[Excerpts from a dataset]
Segment Open
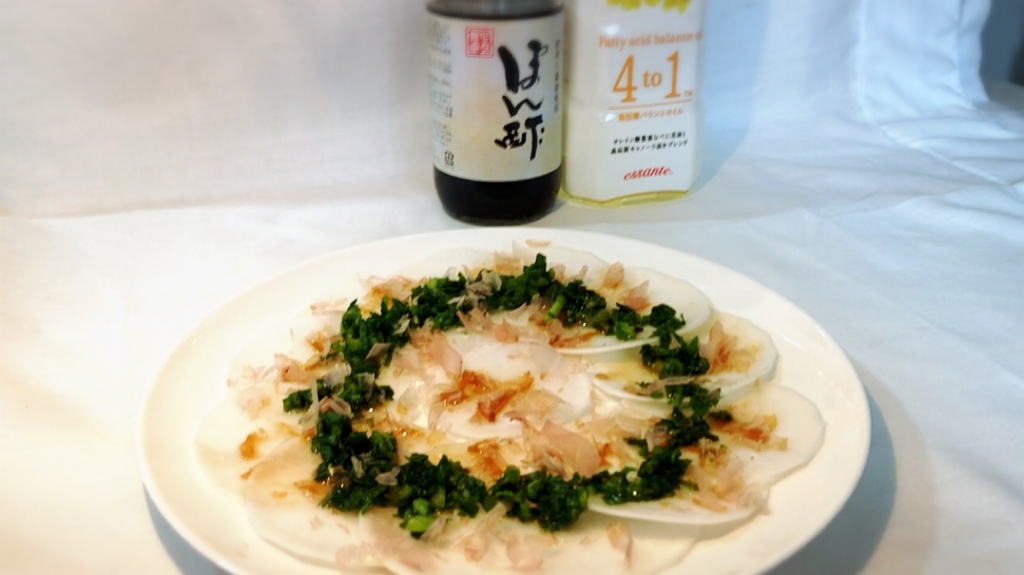 JUGEMテーマ:毎日の簡単1品 こんにちは〜♪ 今日は〜かぶで簡単カルパッチョ♪ それでは材料です〜⇩⇩⇩ かぶ・・・1個 かぶの葉・・・適量 12ヶ月の食卓塩・・・少々 鰹節・・・少々 ★12ヶ月の食卓ぽん酢・・・大さじ1 ★エサンテ4to1脂肪酸バランスオイル・・・小さじ1 ★擂り下ろしにんにく・・・少々 以上です〜♪ それではLet's cooking! かぶをス...
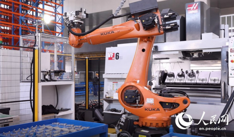 An intelligent robot on the production line of Truking Technology Ltd. (Photo: Yuan Meng/People's Daily Online)
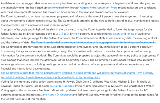图表3:美联储货币政策声明对比(2025年12月vs 2025年10月)
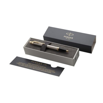 Bolígrafo de laca negra, cromado y punta media. Este modelo es sofisticado y de un notable diseño Acabado de impresión láser en tono cobrizo/dorado.
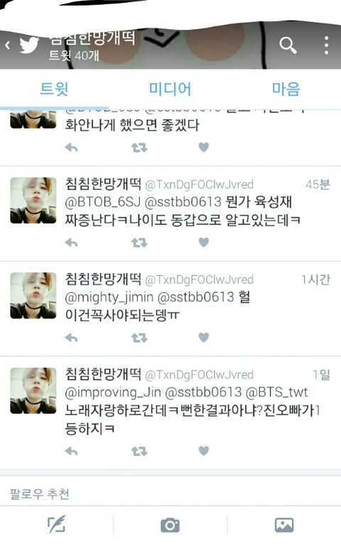 쟤 왜저럼 졸라 언제적 뒷북을 치는거임..? 저게 왜 기분이 나빠 미친년 근데 쟤 그냥 정신 이상한 초딩같은데 인기투표하고 지글에서 글도 일주일 전부터 시작했던데 그리고 팔로워도 1명없고 갑자기 석진이가 1등이라느니..이건 좀 그냥 이상한 팬 아님?
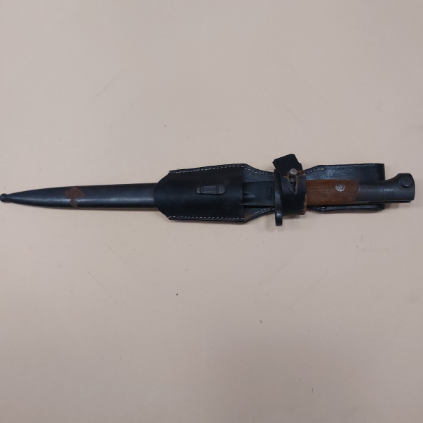 Seitengewehr Bajonett K98 1944 Jugo inkl. Scheide und Koppelschuh. Länge Gesamt: 40 cm Länge Klinge: 24,50 cm Dieses habe ich bei einer Wohnungsauflösung gefunden. Ein Bajonett aus jugoslawischer Produktion für einen K98. Der Zustand ist gut und unverändert. Ich habe das so gefunden und nicht gereinigt oder sonst was damit gemacht. Alles so wie es gefunden wurde.
Segment Closed
## THE PROBLEM
Please make an exact copy of the records, leaving out any picture.

## WORKED SOLUTION
 JUGEMテーマ:毎日の簡単1品 こんにちは〜♪ 今日は〜かぶで簡単カルパッチョ♪ それでは材料です〜⇩⇩⇩ かぶ・・・1個 かぶの葉・・・適量 12ヶ月の食卓塩・・・少々 鰹節・・・少々 ★12ヶ月の食卓ぽん酢・・・大さじ1 ★エサンテ4to1脂肪酸バランスオイル・・・小さじ1 ★擂り下ろしにんにく・・・少々 以上です〜♪ それではLet's cooking! かぶをス...
 An intelligent robot on the production line of Truking Technology Ltd. (Photo: Yuan Meng/People's Daily Online)
图表3:美联储货币政策声明对比(2025年12月vs 2025年10月)
 Bolígrafo de laca negra, cromado y punta media. Este modelo es sofisticado y de un notable diseño Acabado de impresión láser en tono cobrizo/dorado.
 쟤 왜저럼 졸라 언제적 뒷북을 치는거임..? 저게 왜 기분이 나빠 미친년 근데 쟤 그냥 정신 이상한 초딩같은데 인기투표하고 지글에서 글도 일주일 전부터 시작했던데 그리고 팔로워도 1명없고 갑자기 석진이가 1등이라느니..이건 좀 그냥 이상한 팬 아님?
 Seitengewehr Bajonett K98 1944 Jugo inkl. Scheide und Koppelschuh. Länge Gesamt: 40 cm Länge Klinge: 24,50 cm Dieses habe ich bei einer Wohnungsauflösung gefunden. Ein Bajonett aus jugoslawischer Produktion für einen K98. Der Zustand ist gut und unverändert. Ich habe das so gefunden und nicht gereinigt oder sonst was damit gemacht. Alles so wie es gefunden wurde.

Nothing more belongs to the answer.